Although the major was dissolved in 1959, the Auerbach Foundation continued to support a lecture series at the college. In 1951, the Auerbach foundation supported the Service Bureau for Women’s Organizations Conference at Connecticut College.

== Awards and recognition ==
Auerbach was on the board of Hebrew Union College in Cincinnati and won numerous awards, including the Tobe award for distinguished service by others in her industry, a certificate of lifetime membership in the NAACP, "Boss of the Year" from the Greater Hartford Jaycees, the Distinguished Public Service Award from the State Bar Association in 1962 and the Human Relations Award of the Connecticut-Western Massachusetts Region of the National Conference of Christians and Jews in 1964.
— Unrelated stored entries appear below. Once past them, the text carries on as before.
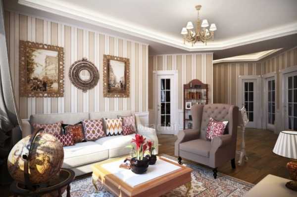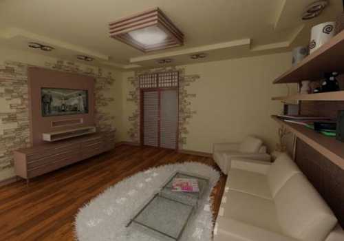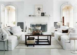 Простое и комфортное решение внутренней отделки дома своими руками. Интерьер радует спокойствием пастельных красок и добротностью деревянной мебели. Последняя должна быть либо раритетной, либо патинированной. В гостиную надо поставить диван с рюшевой оторочкой и деревянными, округлой формы, подлокотниками. В комплект к нему могут быть добавлены аналогичного вида кресла.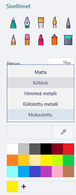 Kynät ja siveltimet jäljittelevät oikeita materiaaleja. Saatavilla on esim. öljyväriä sekä spraymaalia eri pinnoin. Siveltimet toimivat sekä piirtoalustalla että 3D-malleissa. 3D-malleja väritettäessä ohjelma tunnistaa kätevästi väritettävän kohteen rajat, jolloin siveltimenvedot pysyvät siististi rajojen sisällä.
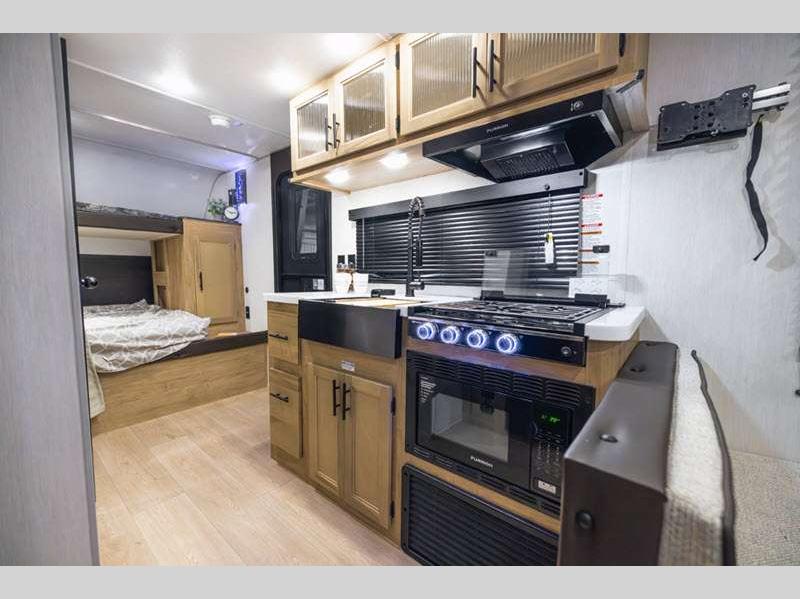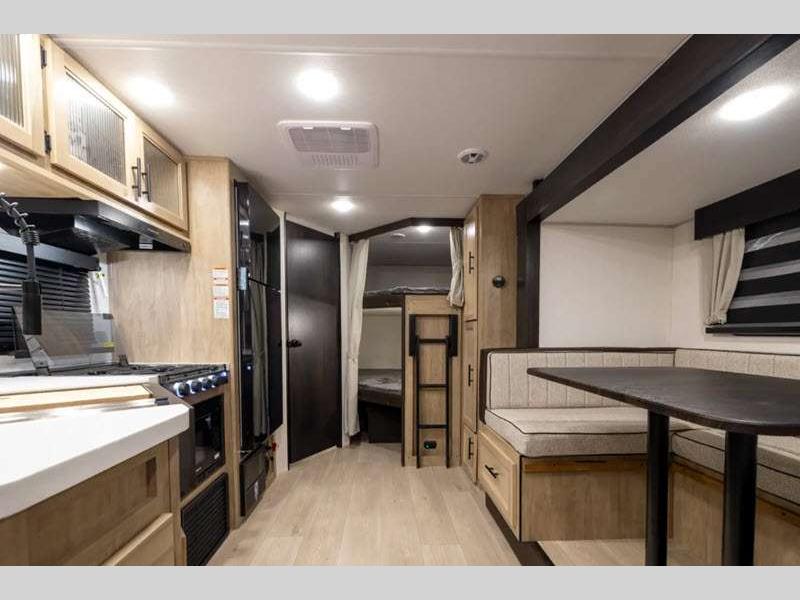 Sleeps 9 Slides 1 Length 23 ft 9 in Ext Width 8 ft Ext Height 10 ft 6 in Int Height 0 ft Hitch Weight 760 lbs GVWR 7760 lbs Dry Weight 6573 lbs Cargo Capacity 1187 lbs Fresh Water Capacity 52 gals Grey Water Capacity 38 gals Black Water Capacity 38 gals Furnace BTU 20000 btu Number Of Bunks 2 Available Beds RV King Refrigerator Type 12V Cooktop Burners 3 Number of Awnings 1 Water Heater Type Tankless AC BTU 15000 btu Cargo Deck Size 0 ft Awning Info 15' Full Length Power w/LED Light Strip Axle Count 2 Shower Type Tub/Shower Combo Solar Wattage 200 watts Similar Floorplans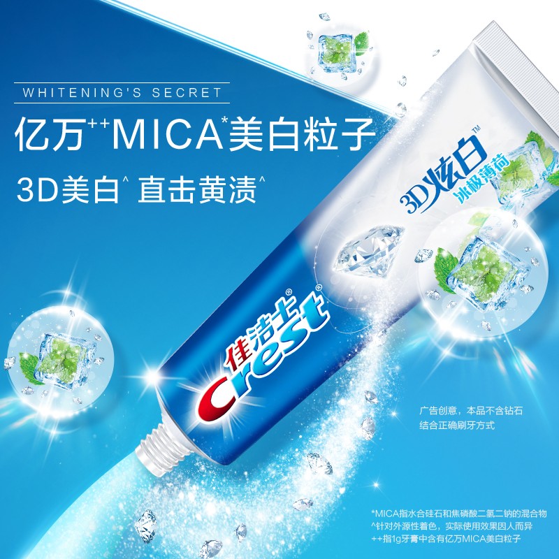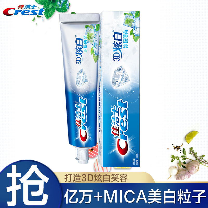 Crest(佳洁士)是美国宝洁公司的口腔护理品牌,诞生于1955年。 其产品包括全优7效,牙龈护理,抗过敏护理,防蛀修护牙膏以及牙刷等。这款佳洁士3D炫白冰极薄荷牙膏,规格180g,升级MICA炫白+冰极薄荷,泡沫细腻,可有效清洁牙齿。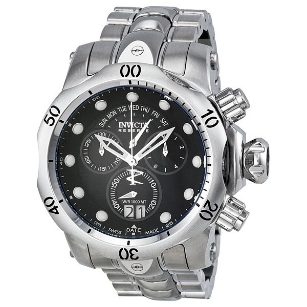 Silver-tone stainless steel case with a two: stainless steel and black polyurethane strap. Uni-directional ratcheting silver-tone stainless steel bezel. Black dial with silver-tone hands and dots hour markers. Minute markers around the outer rim. Dial Type: Analog. Luminescent hands and markers. Date display at the 6 o'clock position. Four sub-dials displaying: 60 second, 30 minute and 1/10th of a second and retrograde day. Ronda Caliber 8040.N quartz movement. Scratch resistant Flame Fusion crystal. Screw down w/ function pushers crown. Solid case back. Round case shape, case size: 52 mm, case thickness: 21.5 mm. Band width: 26 mm, band length: 8.75 inches. Deployment clasp. Water resistant at 1000 meters / 3300 feet. Functions: chronograph, date, day, hour, minute, second. Reserve Series. Sport watch style. Watch label: Swiss Made. Item Variations: 1539 3BB, 1539.3BB, 15393BB. Invicta Reserve Venom Chronograph 1539-3BB.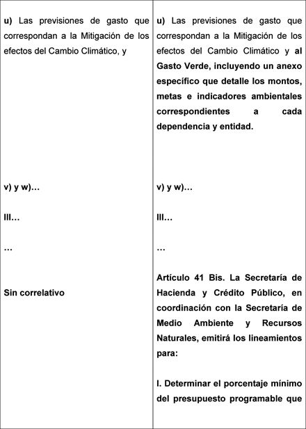 u) Las previsiones de gasto que correspondan a la Mitigación de los efectos del Cambio Climático y al Gasto Verde, incluyendo un anexo específico que detalle los montos, metas e indicadores ambientales correspondientes a cada dependencia y entidad.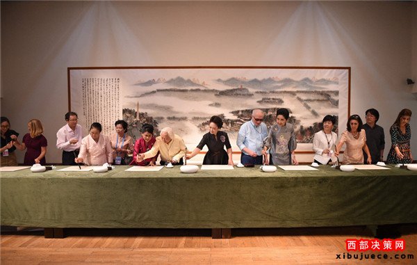 在觀看“意象中國”書畫展時,彭麗媛和來賓們在《西溪紀(jì)勝圖》、《朱荷圖軸》等經(jīng)典國畫作品前駐足觀看,接著欣賞4位著名書畫家現(xiàn)場聯(lián)袂創(chuàng)作書畫作品《江南憶》。一位書法家還為來賓們現(xiàn)場示范毛筆的執(zhí)筆、運(yùn)筆方式。彭麗媛邀請來賓們一同書寫漢字“和”。她說,“和”字在漢語里具有“和平”、“和諧”之義,是我們對世界的共同心愿。來賓們饒有興致地拿起毛筆各自書寫,并展示自己的書法作品。彭麗媛說,昨晚各位在西湖邊觀看了精彩的文藝演出,今天我們在這里一同欣賞畫中的西湖。她同來賓們在國畫《西湖秋勝》前合影留念。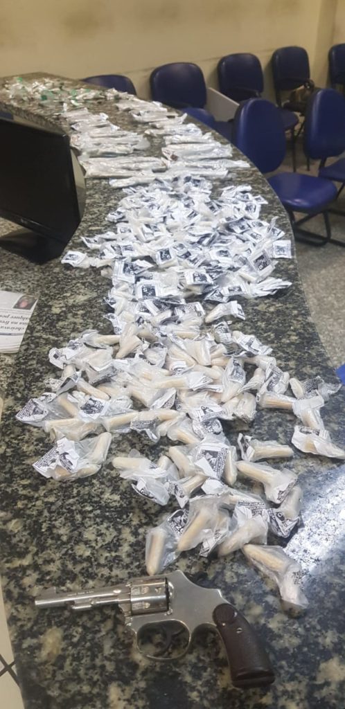 Na ação foram apreendidas 11 cápsulas de cocaína e um revólver calibre 38 com seis munições.

The School of Business Administration at the University of Hartford named Auerbach Hall in her honor, the library at the Wadsworth Atheneum Museum of Art was renamed the Auerbach Art Library, and a new unit was built under her name at St. Francis Hospital in Hartford, CT.
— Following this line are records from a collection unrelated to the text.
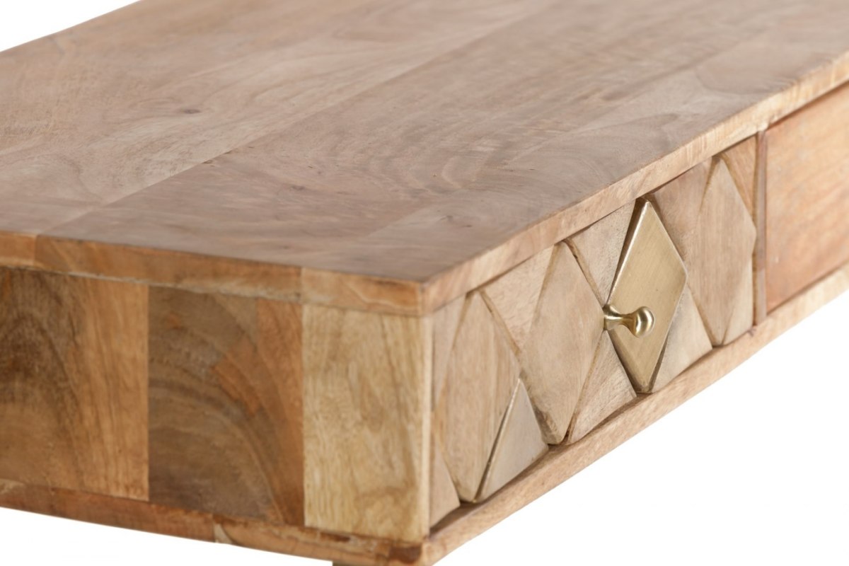 Konsola ARATI marki ALURO, to mebel wykonany z drewna mango, utrzymanego w naturalnej strukturze i kolorze. Elementem ozdobnym,umieszczonym we frontowej części, są kawałki drewna połączone w mozaikę, oraz wstawki z platerowanego mosiądzu. Konsola została wsparta na metalowych nogach w kolorze antycznego mosiądzu.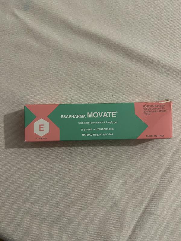 Гель Esapharma Movate з пропіонатом клобетазолу 0,5 мг/г, який використовується для освітлення шкіри та лікування гіперпігментації. Наносять тонким шаром як маску.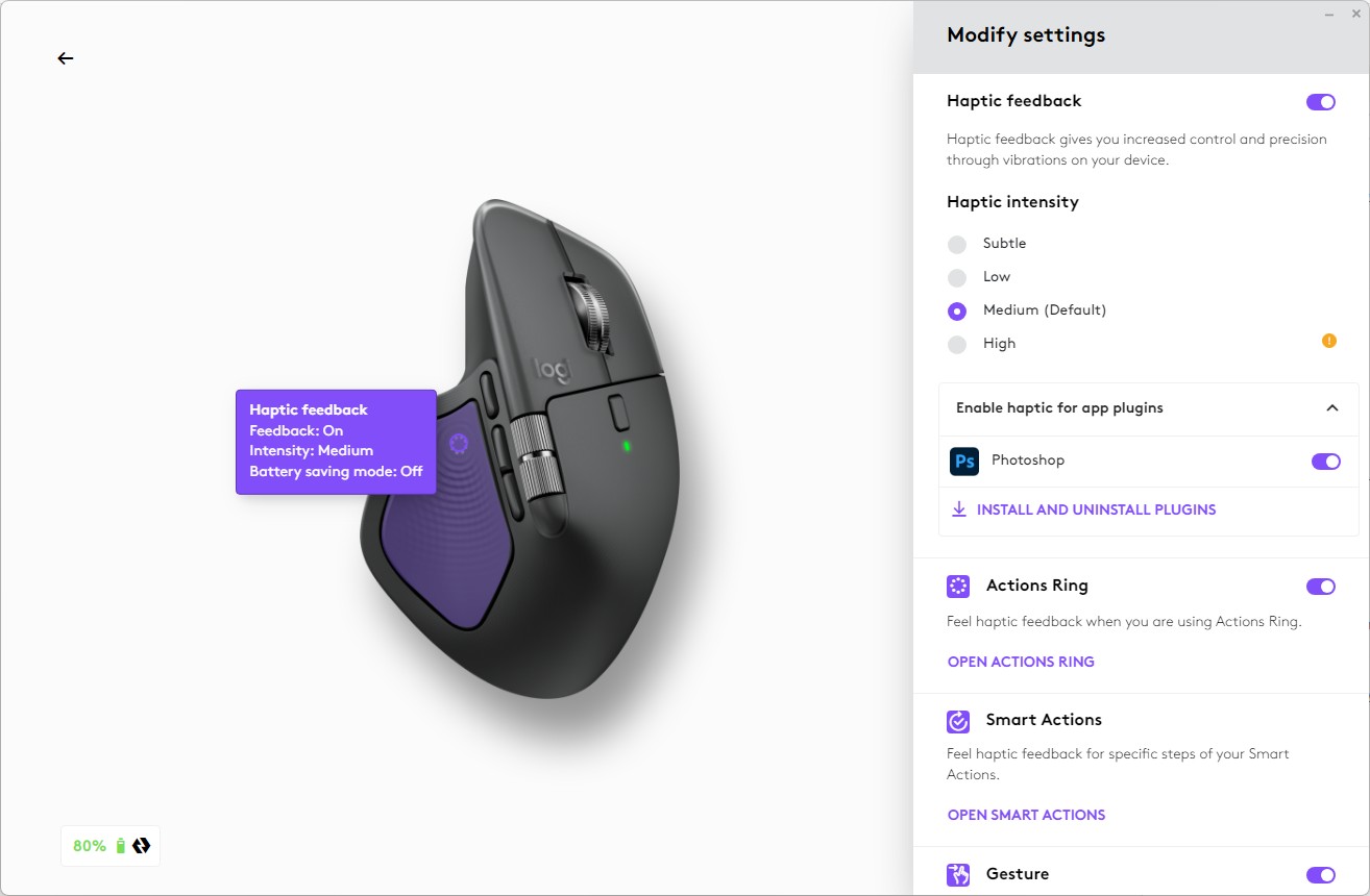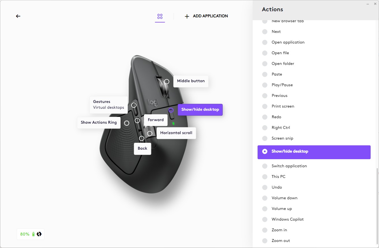 אחד מהשינויים המשמעותיים בעכבר שלפנינו היא תוספת המשוב ברטט: מדובר במשטח רחב, זה שעליו נח האגודל, המשמש לפתיחת ה-Actions Ring; שמונה פקודות שניתן להפעיל ישירות מהעכבר. בברירת המחדל העכבר מציע בין היתר פתיחת תפריט אימוג'יז, הפעלת נגן וביצוע צילום מסך, אבל את כל אלה אפשר לשנות למגוון פקודות שונה לחלוטין - בהתאם לאופי השימוש שלכם. אנחנו למשל העדפנו להחליף חלק מהפקודות ל"העתק" ו"הדבק", הצגת שולחן העבודה ופתיחת תיקייה ספציפית. המשוב ברטט מתבטא בכל פעם כשפותחים את ה-Actions Ring אבל גם במעבר בין הפקודות - ואפשר גם לכבות את הרטט אם תעדיפו לחסוך בחיי סוללה.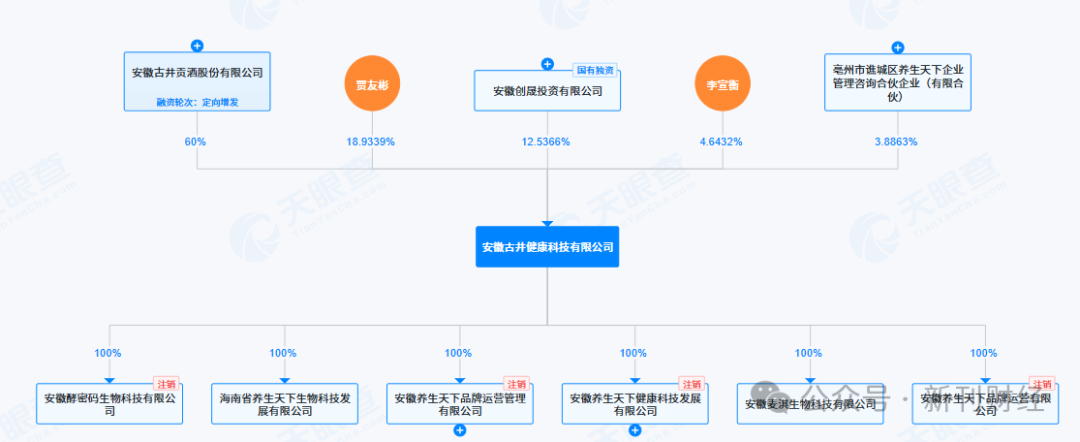 除古井贡酒控股60%外,古井健康公司其余股东包括:贾友彬(18.93%)、安徽创晟投资(12.54%)、李宣衡(4.64%)及亳州谯城区养生天下合伙企业(3.89%)。值得关注的是,公司旗下6家子公司中已有4家注销,目前仅剩海南养生天下生物科技和安徽麦淇生物科技两家处于存续状态,部分注销企业存在司法案件,或反映出其业务布局结构存在一定经营风险。

Awards she received included:
- Tobé Award, given to a retailer who benefits their community and retailing nationwide (1947)
- "Boss of the Year" from the Greater Hartford Jaycees (1952)
- The Distinguished Public Service Award from the State Bar Association (1962)
- The Human Relations Award of the Connecticut-Western Massachusetts Region of the National Conference of Christians and Jews (1964).
- She also received posthumous induction into the Connecticut Women’s Hall of Fame.
- Recognition in other forms included honorary degrees at Trinity College, Saint Joseph College, and Wesleyan University.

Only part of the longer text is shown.